London: London’s FTSE index lost $164 billion in the space of 10 minutes of trading on Friday, when sterling dropped to its lowest mark in 31 years, trading up to 12 percent lower against the dollar.
Ratings agency Standard and Poor’s threatened to downgrade the UK’s rating, which is currently triple A.
Moody’s agency echoed the warning, saying Brexit “heralds a prolonged period of policy uncertainty that will weigh on the UK’s economic and financial performance.”
The financial collapse in the UK is now worse than any crisis over the past three decades. The country – as well as EU countries – lost billions in the space of one morning.
London’s FTSE fell six percent in early deals, having shed USD$164 billion in 600 dramatic seconds. The city’s banking stocks lost $60 billion, USA Today reported.
Thousands flooded the streets, forming long queues to buy currency ahead of vacation time. Travel giant Thomas Cook even put a £1,000-per-person limit on exchanges.
Germany and France’s CAC 40 dropped by 7.5 and nine percent respectively on Friday.
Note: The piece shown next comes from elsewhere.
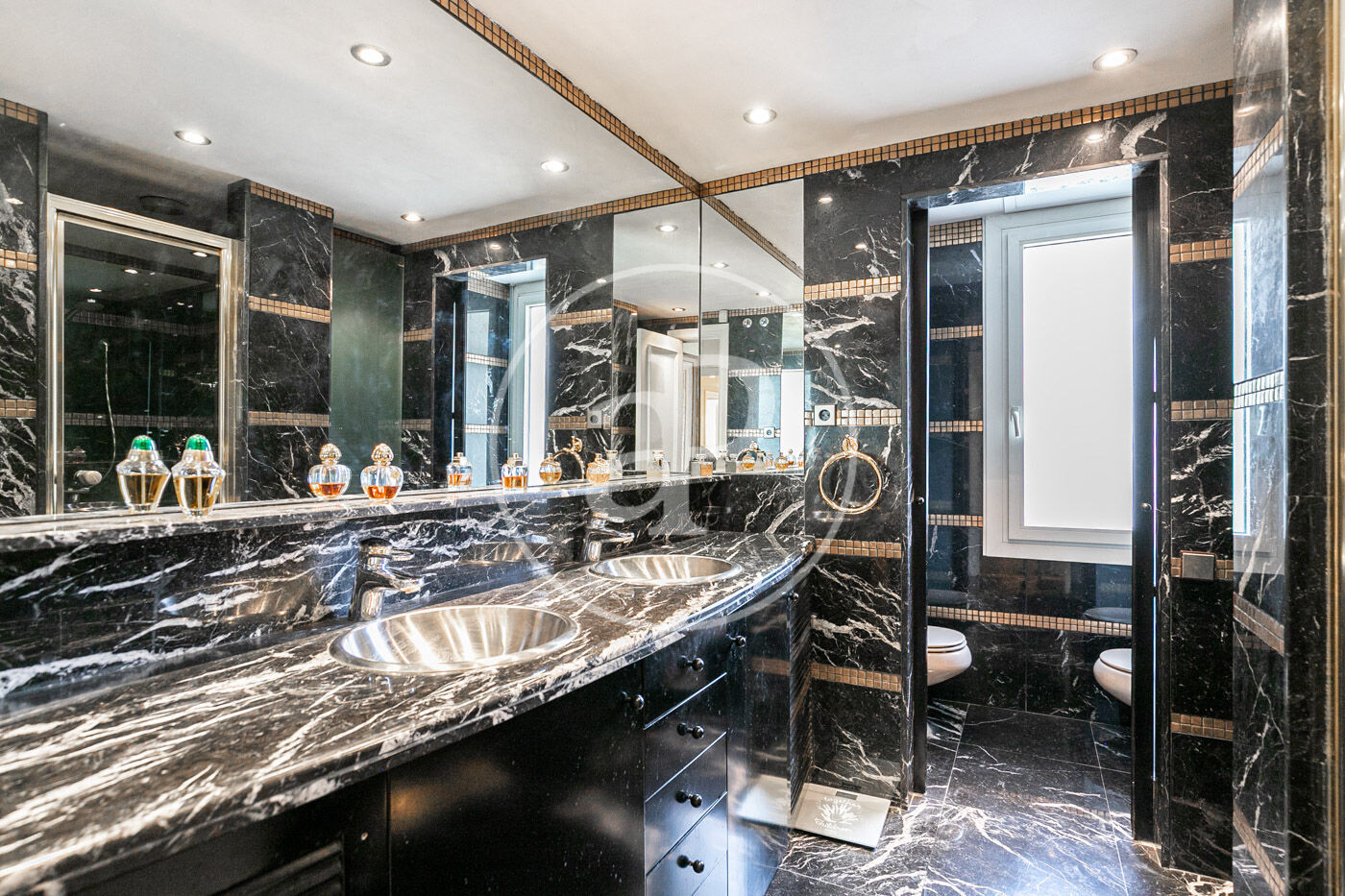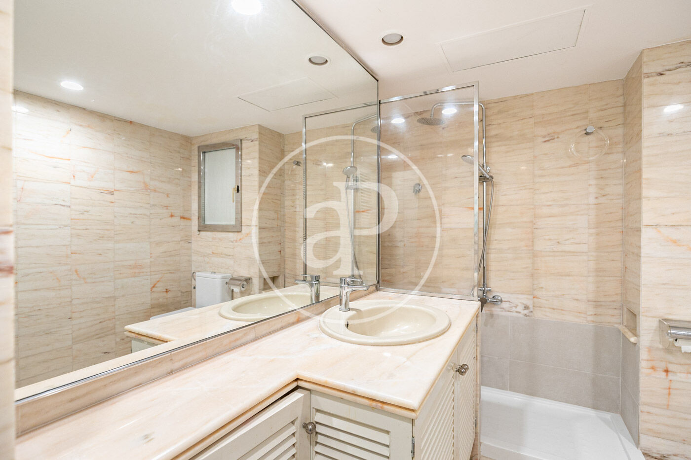La zona de noche está compuesta por tres dormitorios y una amplia estancia con salida a la terraza, actualmente utilizada como sala de televisión, pero convertible en un cuarto dormitorio, despacho, habitación de estudio u otros usos. El dormitorio principal es una master suite amplia y muy luminosa con salida a la terraza, cuenta con un área de vestidor, un elegante baño en mármol negro y múltiples armarios empotrados. El segundo dormitorio es una suite con armarios empotrados y baño con ducha. El tercer dormitorio es una habitación individual y tiene a disposición un baño en el pasillo.

Brexit dealt an even bigger blow to southern European economies, as Italian and Spanish markets fell by over 11 percent.
The pound is now seven percent lower against the dollar, languishing at $1.3782.
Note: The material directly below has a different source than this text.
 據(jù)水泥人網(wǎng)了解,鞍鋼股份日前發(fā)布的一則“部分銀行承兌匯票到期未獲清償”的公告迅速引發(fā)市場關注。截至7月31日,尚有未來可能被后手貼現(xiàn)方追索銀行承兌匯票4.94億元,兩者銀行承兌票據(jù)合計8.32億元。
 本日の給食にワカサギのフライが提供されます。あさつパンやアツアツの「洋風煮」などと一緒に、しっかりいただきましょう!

The central bank expressed its readiness to provide £250 billion in additional funds to support the markets, according to the governor of the Bank of England Mark Carney.
Another threat is looming for the City of London, as it risks losing its so-called ‘EU passport’, which allows UK banks to operate freely with European banks.
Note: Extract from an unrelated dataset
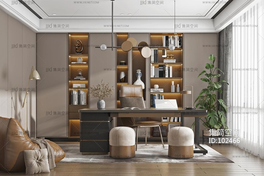 现代轻奢书房 3d模型下载 [模型ID:102466]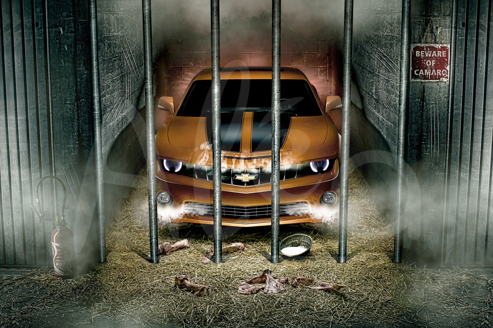 Description | Photo de pub pour la Chevrolet Camaro surboostée, dans l'esprit mise en scène à la Dingo.Photo Dingo |

The European Central Bank’s Governing Council member, Francois Villeroy de Galhau, told France Inter radio that if the UK leaves the EU, the country wouldn’t be able to keep the passport, and continue relations with the bloc’s banking sector unhindered.
There is a solution that would still require the UK to comply with European rules.
“There is a precedent, it is the Norwegian model of European Economic Area, that would allow Britain to keep access to the single market, but by committing to implement all EU rules,” he said.
“It would be a bit paradoxical to leave the EU and apply all EU rules, but that is one solution if Britain wants to keep access to the single market,” de Galhau added.
However, not everyone is prophesying doom and gloom. Jeremy Leach, chief executive officer at asset managers Managing Partners Group, told the Telegraph that eventually, sterling “will strengthen against the euro because the UK’s economy is in much better shape than many of its European peers.”